Other Software

The Brain Behavior Laboratory makes some of its software available to other researchers in order to promote the advancement of brain research and to facilitate replication of results obtained here.

This software is provided under an Open Source™ license, which permits free use, modification, and redistribution provided that proper credit is given; the complete license terms can be read here.

The use of an Open Source license is an experiment on our part; we have the following reasons for believing that the experiment is worthwhile: First, we believe that software is a form of scientific knowledge and that science advances most rapidly when we can build on each other's work rather than re-implementing each other's wheels. We hope that the people who find our software useful will reciprocate by contributing bug fixes and other improvements to be folded back into our master copy for future releases. Second, we find that we write better software when we expect that dozens of people will be reading our code than when we are writing just for ourselves. Finally, we would rather spend our time doing science rather than trying to monitor and enforce a more restrictive license.

These packages are currently maintained by Paul Hughett at hughett@bbl.med.upenn.edu, who will be happy to receive bug reports, and even happier to receive bug fixes or other improvements. The NRIA and segm packages are considered obsolete and are no longer being actively maintained; BBLimage will eventually include more flexible replacements for these programs.

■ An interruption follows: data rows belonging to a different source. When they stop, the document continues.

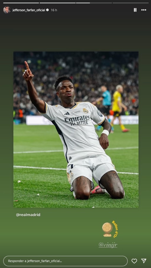 En su cuenta de Instagram, Farfán compartió una imagen de la celebración de Vinícius Júnior tras el triunfo del Real Madrid. Lo que llamó la atención de sus seguidores fue el uso de un sticker muy especial: el emoji del Balón de Oro. Este gesto de Farfán sugiere que considera a Vinícius como un merecedor potencial del prestigioso premio, reservado para los mejores jugadores del mundo.
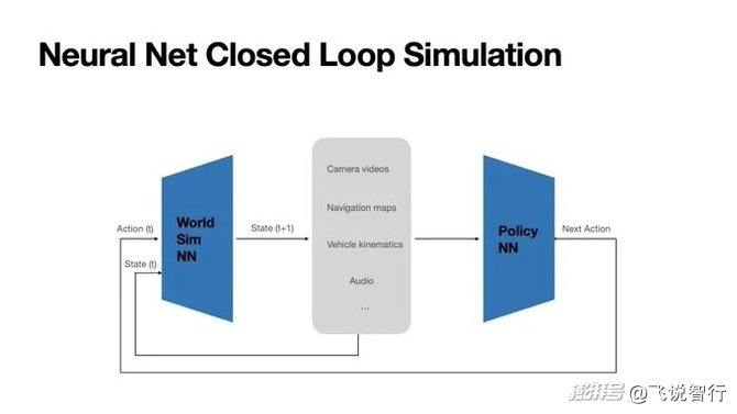 与此同时,基于庞大的真实数据基础,特斯拉还建立了名为“神经世界模拟器”的闭环仿真系统。通过这套系统,不仅可以训练算法,并且还能验证算法的正确性,好比同时是“训练场”和“考试场地”。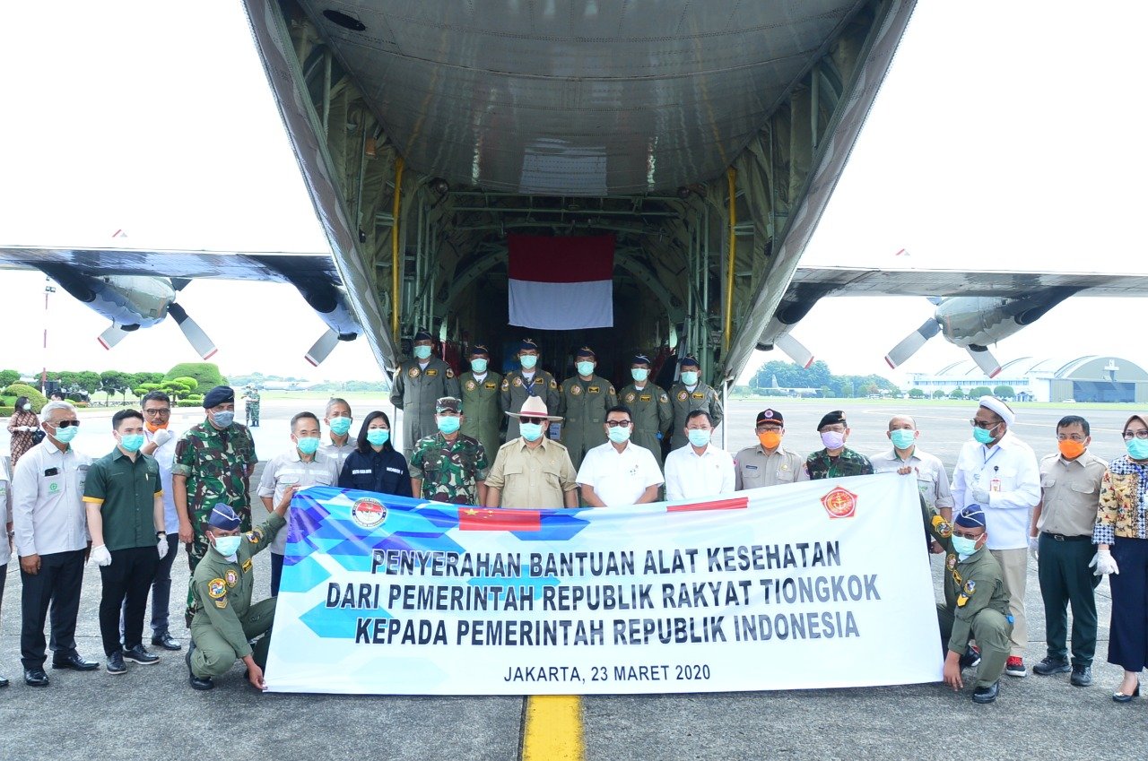 Menteri Pertahanan (Menhan) Prabowo Subianto atas nama pemerintah RI menyampaikan ucapan terima kasih kepada jajaran TNI yang telah bekerja keras membawa logistik kesehatan dari Tiongkok ke Indonesia untuk penanganan Covid-19.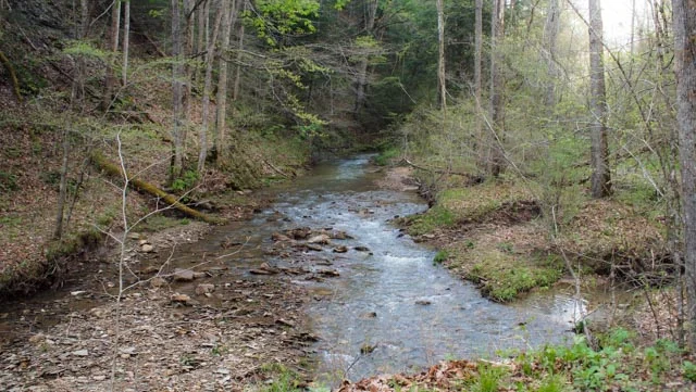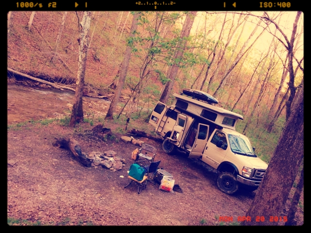 The road rises about 10 feet above one of the best camping spots I've ever seen down by the creek. It's by the water, isolated, with cover. The sound of the creek was amazing.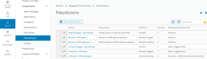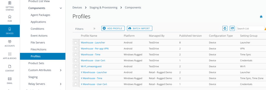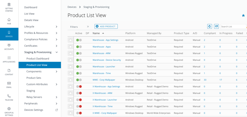 Staging & Provisioning is the home of product provisioning and is where you to set up components, such as profiles, applications, and files/actions, which manage rugged devices. The components are bundled together in products, which are pushed to devices. These products follow a set of rules, schedules, and dependencies as guidelines for ensuring your devices remain up to date with the content they need.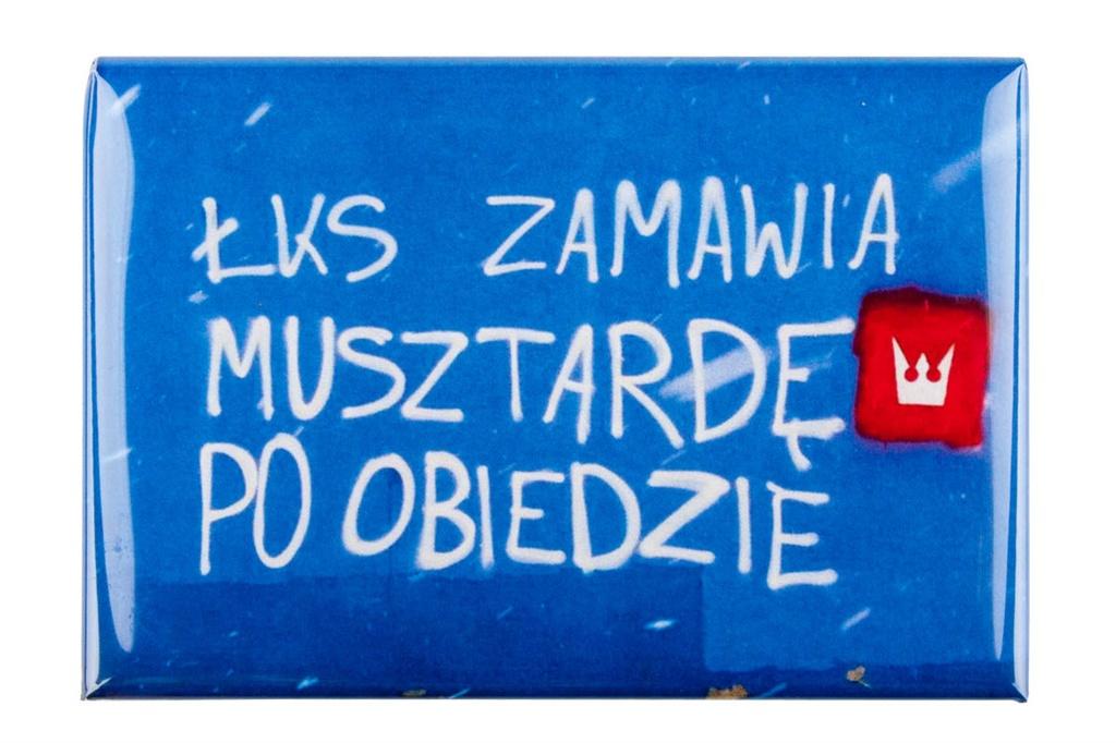 Kibicowski magnes z serii napisy na murach miasta Łodzi - ""ŁKS zamawia musztardę po obiedzie"": wykonany z zalaminowanego metalu,w kształcie lekko wypukłego prostokątu,posiada kibicowskie napisy, dowcipne zaczepki,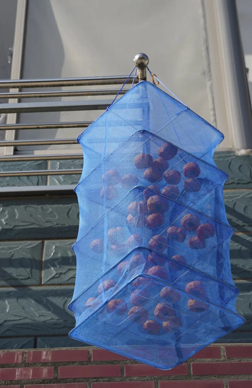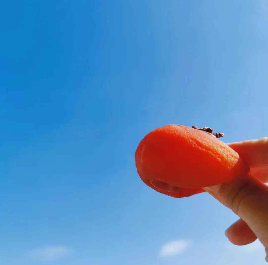 有的农户把成熟的柿子削皮后在家门口晾晒,制成的柿饼咬上一口,外皮Q弹有韧劲儿,里面却柔滑似蜜,就像在吃流心软糖一样。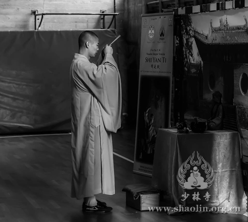 当天上午,数十名意大利威尼斯少林文化中心的学员们从米兰、维琴察博洛尼亚、乌迪内赶来。延提法师拈香主法,与学员一起参加祈福法会,共同祈福世界和平,少林文化泽被苍生。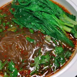 将泡好的粉条用水煮至熟透,捞出放入之前准备好的调料碗里,一般粉条水,一半开水(因为煮粉条的水比较稠,里面有很多淀粉)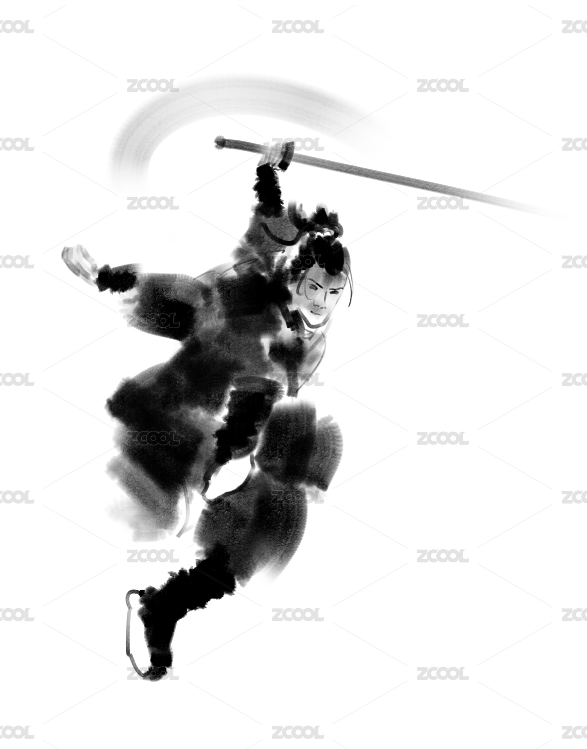 中国古代水墨人物侠客习武招式

BBL's flagship product is PyVox (formerly known as BBLimage), a collection of image processing tools for registering MR images, extracting the brain volume, and segmenting it into CSF and gray and white matter. See its homepage for more details.

The loc program counts lines of code in multiple source files and directories, with heuristic rules to determine the language in which each source file is written. The program currently supports C, C++, Perl, Python, and scripts.

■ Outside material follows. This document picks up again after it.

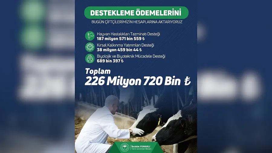 İbrahim Yumaklı, sosyal medya hesabından yaptığı paylaşımda, destek ödemelerine ilişkin detayları kamuoyuyla paylaştı. Yapılan açıklamada, farklı kalemlerdeki desteklerin çiftçilerin hesaplarına yatırılacağı bildirildi.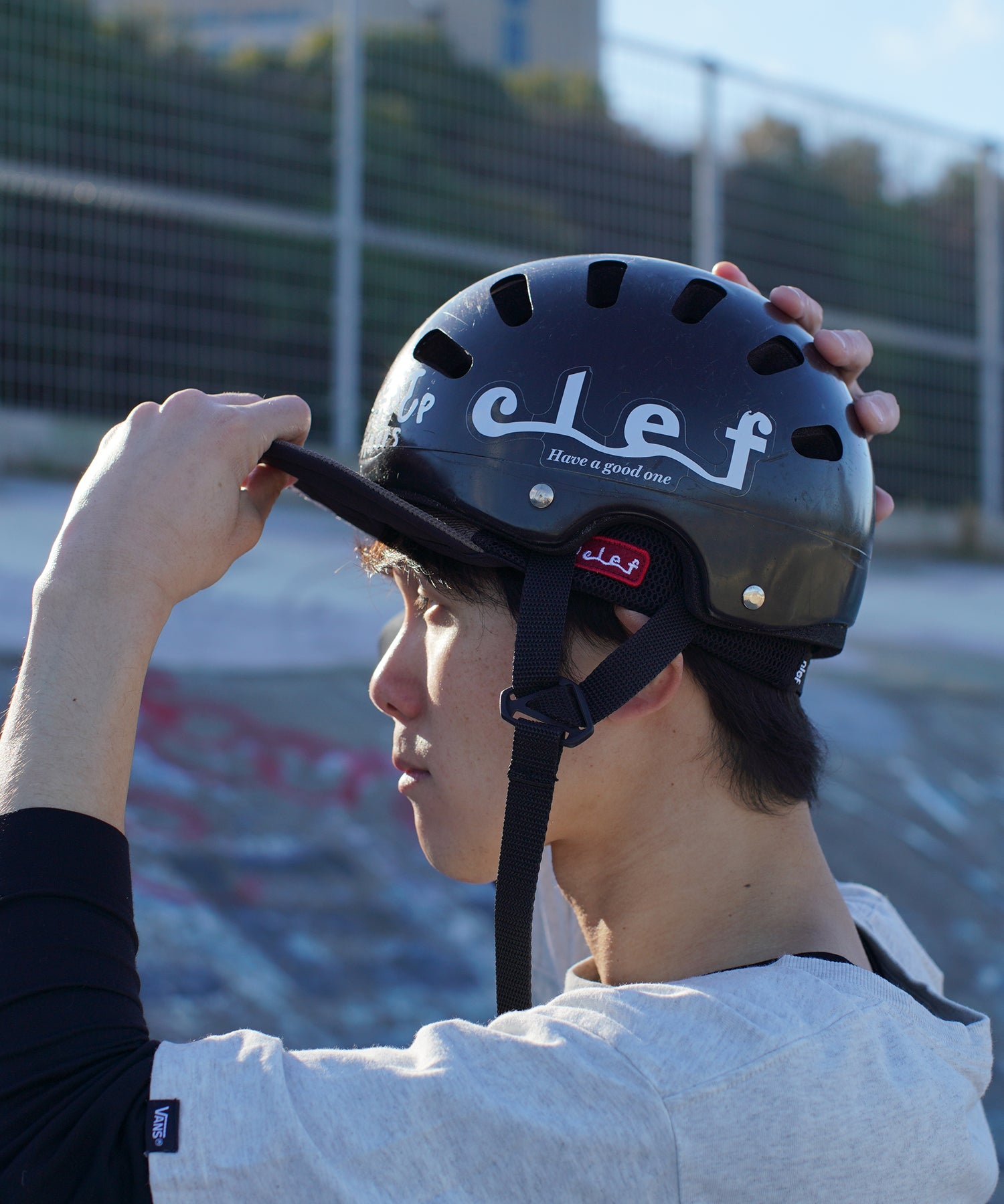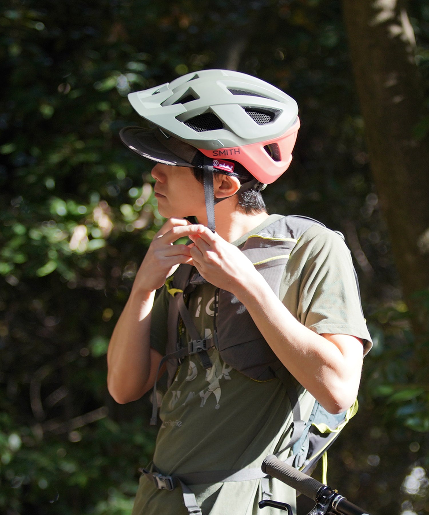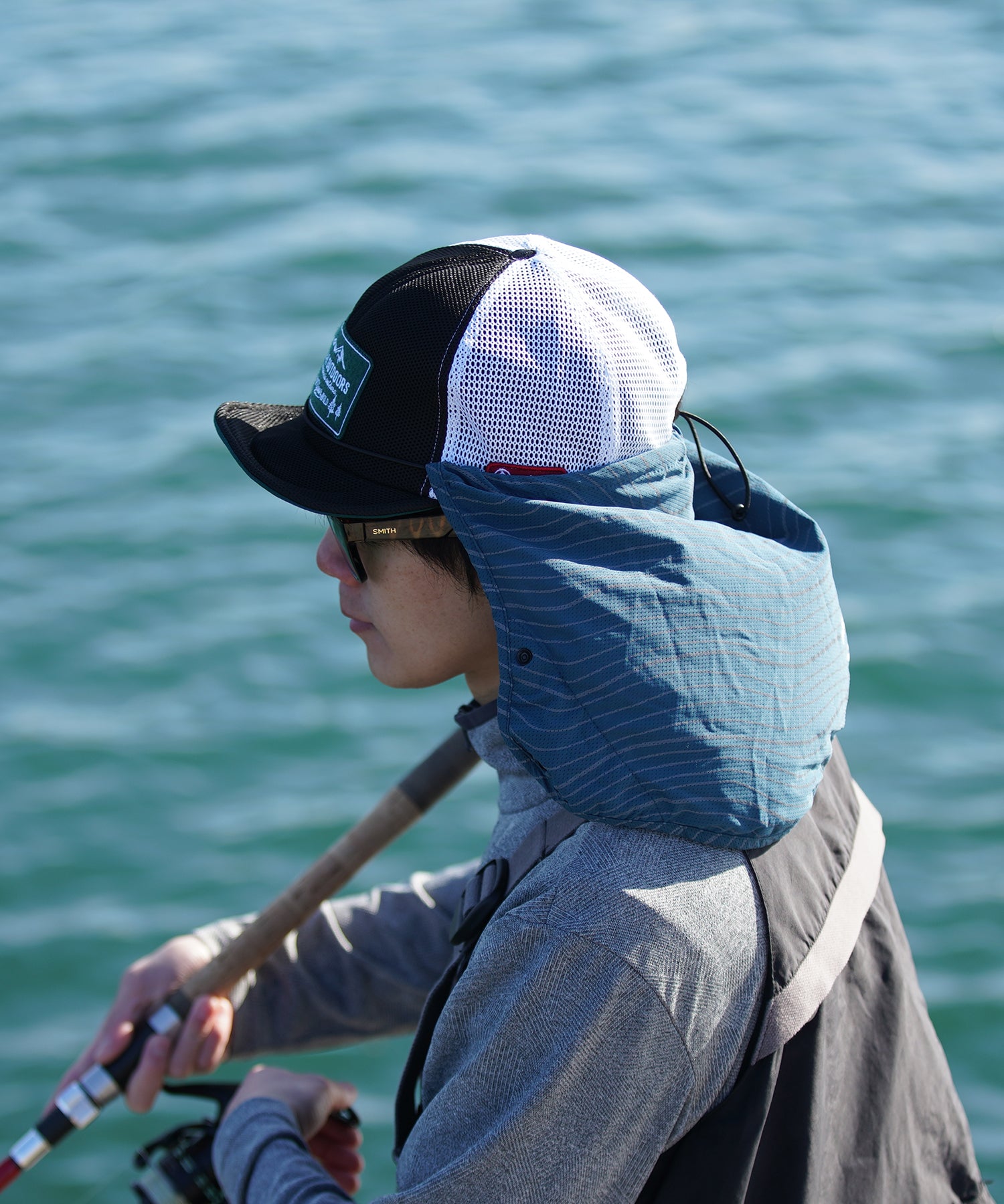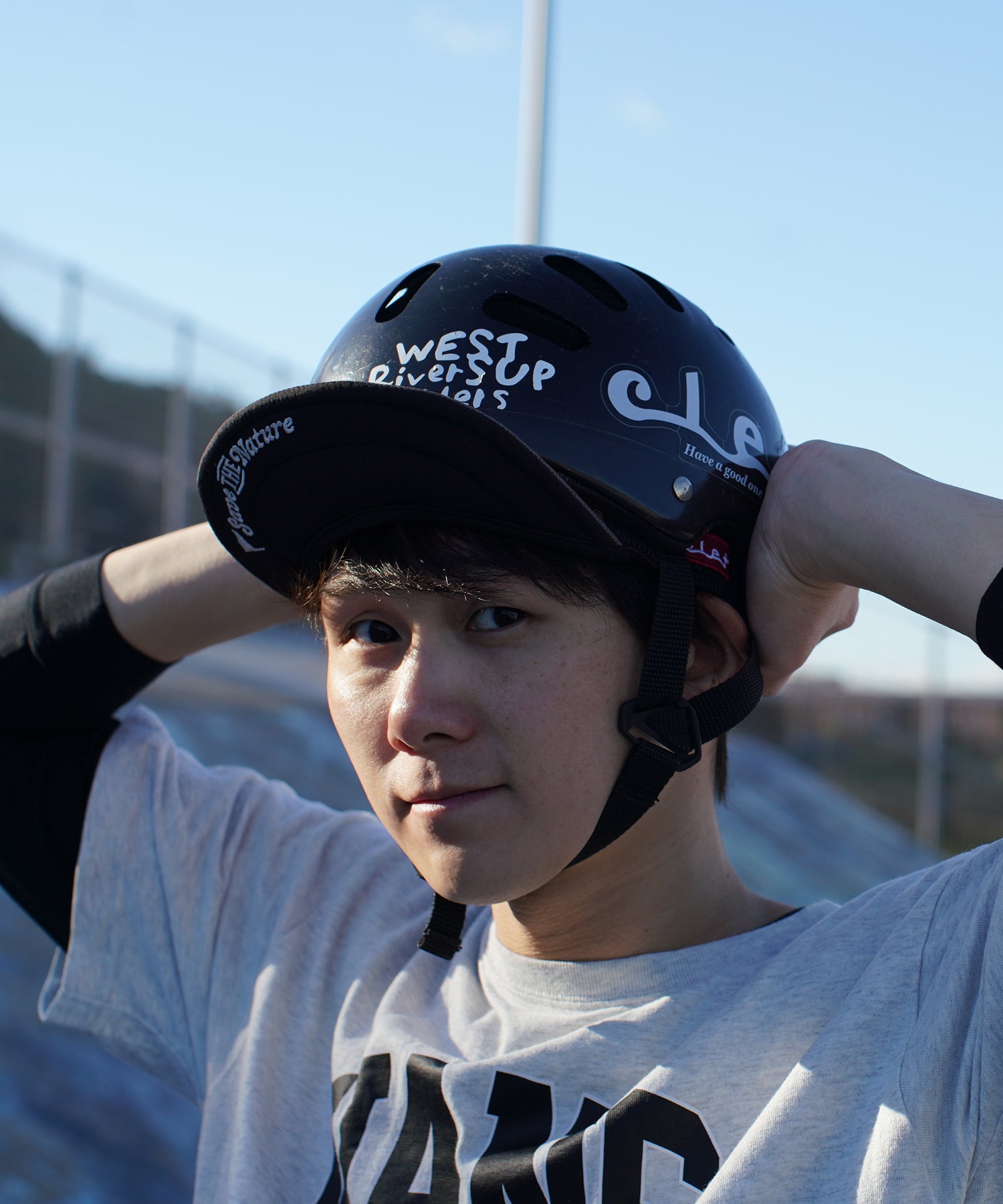 ワイヤー入りのソフトバイザーは、上げて視界を広くしたり、下げて日差しを防いだり、シーンに応じてスタイルが自由自在。

loc-1.0.1.src.tgz (2001/09/05, 8 KB)

The segm package includes the adaptive K-means segmentation algorithms developed by Michelle Yan. These have been very useful at BBL for our specific imaging protocols but have not proven adaptable to other protocols.

segm-0.90.src.tgz (2000/10/06, 600 KB)

NRIA is an XView-based interactive image analysis program developed and used at BBL and which runs under Solaris 2.5 through 2.7. Unfortunately, it is unsupported, undocumented, and not recommended except to those few people who have learned how to use it while in residence at BBL. We include it here primarily for former BBL students who have taken it with them and want to have the latest version.